El desdoblamiento que separa a las subunidades HA1 y HA2 es necesario para que la partícula viral sea infecciosa y es mediada por proteasas celulares. Los virus de la gripe normalmente se mantienen circunscritos a las vías respiratorias debido a que las enzimas de proteasa que desdoblan a la molécula HA son frecuentes sólo en esos lugares. Se han observado ejemplos de virus más virulentos que se han adaptado a utilizar una enzima más ubicua, como la plasmina, para desdoblar HA y favorecer la infección generalizada de las células. El extremo amino terminal de la subunidad HA2, generado por el fenómeno de desdoblamiento, es necesario para que la envoltura viral se fusione con la membrana celular, un paso esencial en el proceso de la infección viral. El pH bajo desencadena un cambio en la configuración que inicia la actividad de fusión.

Estructura y función de la neuraminidasa

La antigenicidad de la NA, la otra glucoproteína presente en la superficie de las partículas del virus de la influenza, también es importante para determinar el subtipo de cepas del virus de la influenza.

La espiga en la partícula viral es un tetrámero, que consta de cuatro monómeros idénticos (fig. 39-2D). Un tronco delgado está coronado con una cabeza de forma de caja. Hay un punto catalítico para la NA en la parte superior de cada cabeza, de manera que cada espiga de NA contiene cuatro lugares activos.

La NA funciona al final del ciclo de replicación viral. Es una enzima sialidasa que retira ácido siálico de los glucoconjugados; éste facilita la liberación de partículas virales de la superficie de células infectadas durante el proceso de gemación y ayuda a evitar la autoagregación de viriones al retirar los residuos de ácido siálico de las glucoproteínas virales. Es posible que la NA ayude al virus a abrirse camino a través de la capa de mucina en las vías respiratorias para llegar a las dianas celulares epiteliales.

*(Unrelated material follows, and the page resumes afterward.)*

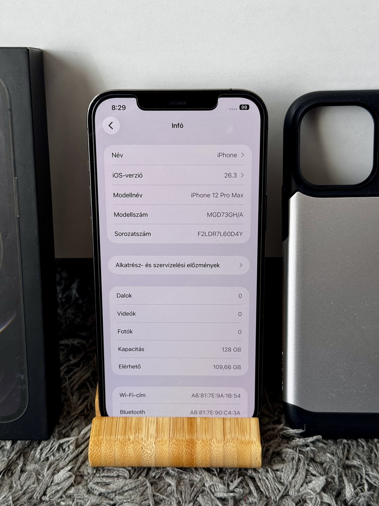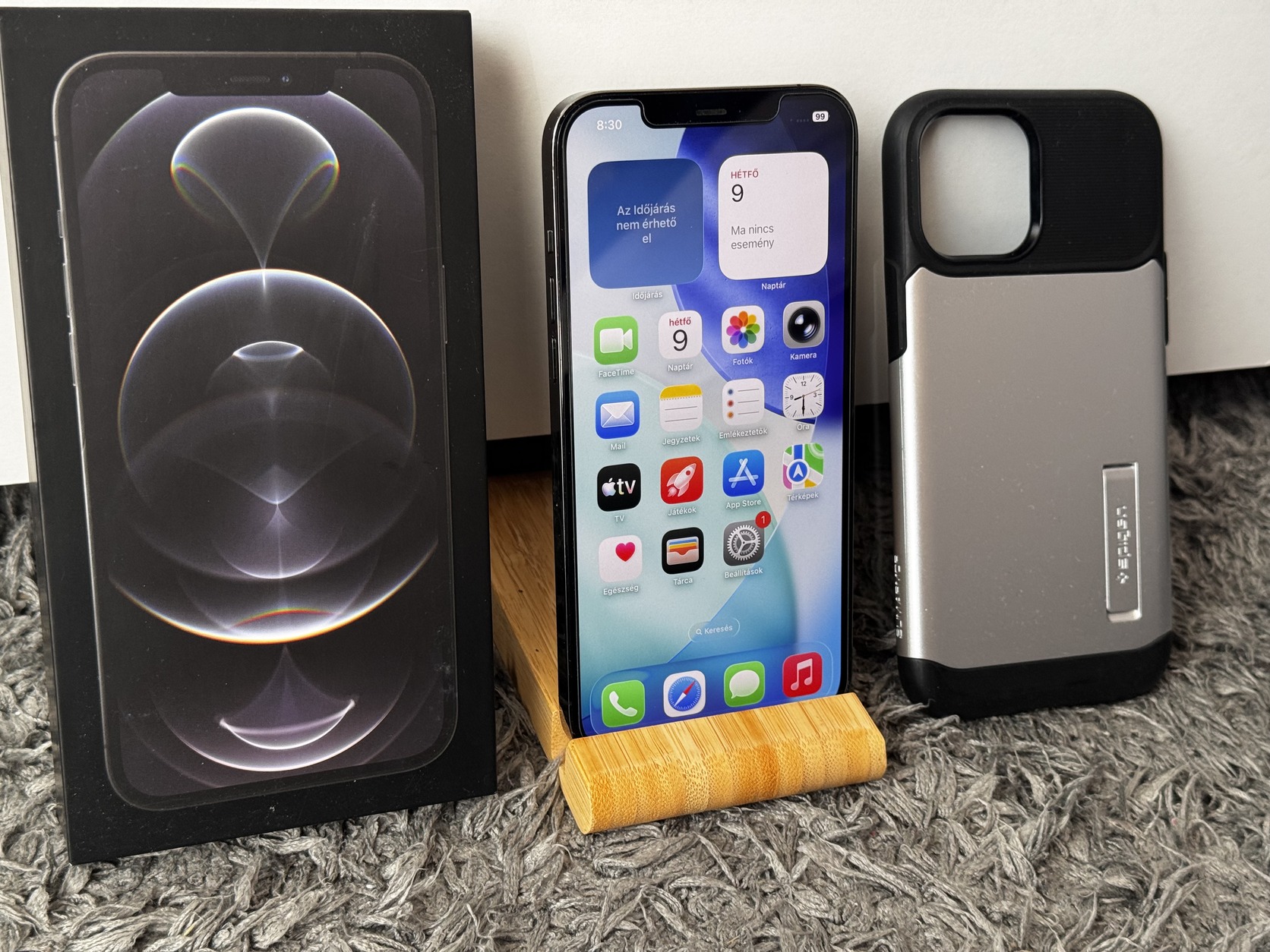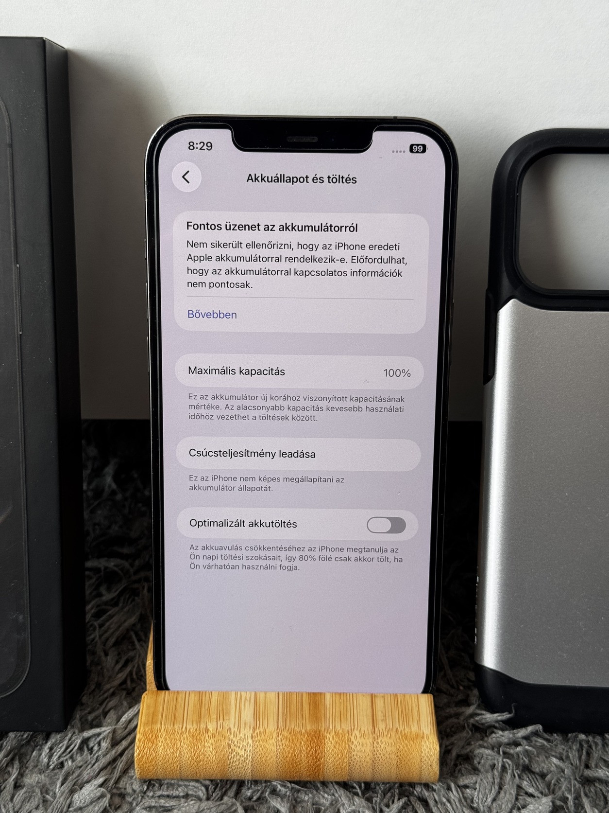 Dobozában tartozék kábel és tok.

Variación antigénica menor y variación antigénica mayor

Los virus de la gripe son notables por los cambios antigénicos frecuentes que ocurren en la HA y la NA. Las variantes antigénicas del virus de la gripe tienen una ventaja selectiva sobre el virus progenitor en la presencia de anticuerpo dirigido contra la cepa original. Este fenómeno es la causa de las características epidemiológicas singulares de la influenza. Otros microorganismos que afectan al sistema respiratorio no manifiestan una variación antigénica importante.

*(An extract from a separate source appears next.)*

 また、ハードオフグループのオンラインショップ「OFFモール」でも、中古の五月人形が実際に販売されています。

Los dos antígenos de superficie de la gripe experimentan variación antigénica independiente entre sí. Los cambios antigénicos menores se denominan variación antigénica menor; los cambios antigénicos mayores en la HA o la NA, denominados variación antigénica mayor, dan por resultado la aparición de un nuevo subtipo (fig. 39-3). La variación antigénica mayor tiene más probabilidad de producir una epidemia.

La variación antigénica menor se debe a la acumulación de mutaciones puntuales en el gen que dan por resultado cambios de aminoácidos en la proteína. Los cambios de secuencia pueden modificar los lugares antigénicos en la molécula de tal manera que un virión puede evadir el reconocimiento por el sistema inmunitario del hospedador. El sistema inmunitario no causa la variación antigénica, sino más bien funciona como una fuerza de selección que permite la expansión de nuevas variantes antigénicas. Una variante debe sufrir dos o más mutaciones antes que surja una nueva cepa de importancia epidemiológica.

La variación antigénica mayor refleja cambios drásticos en la secuencia de una proteína de superficie viral, cambios demasiado extremos para atribuirse a la mutación. Los genomas segmentados de los virus de la gripe se reensamblan con rapidez en células doblemente infectadas. El mecanismo de la variación es el reensamble genético entre los virus de la gripe humana y aviar. Los virus de la gripe B y C no muestran variación antigénica mayor pues existen pocos virus relacionados en los animales.

Replicación del virus de la influenza

En la figura 39-4 se resume el ciclo de replicación del virus de la influenza. Los virus de la gripe son virus de RNA inusuales entre los virus de RNA no oncógenos, pues toda su transcripción y replicación de RNA ocurre en el núcleo de las células infectadas. El ciclo de replicación viral procede con rapidez. Hay una inactivación de la síntesis de la proteína de la célula del hospedador unas 3 h después de la infección, lo que permite la traducción selectiva de los mRNA virales. Se producen nuevos virus descendientes al cabo de 8 a 10 horas.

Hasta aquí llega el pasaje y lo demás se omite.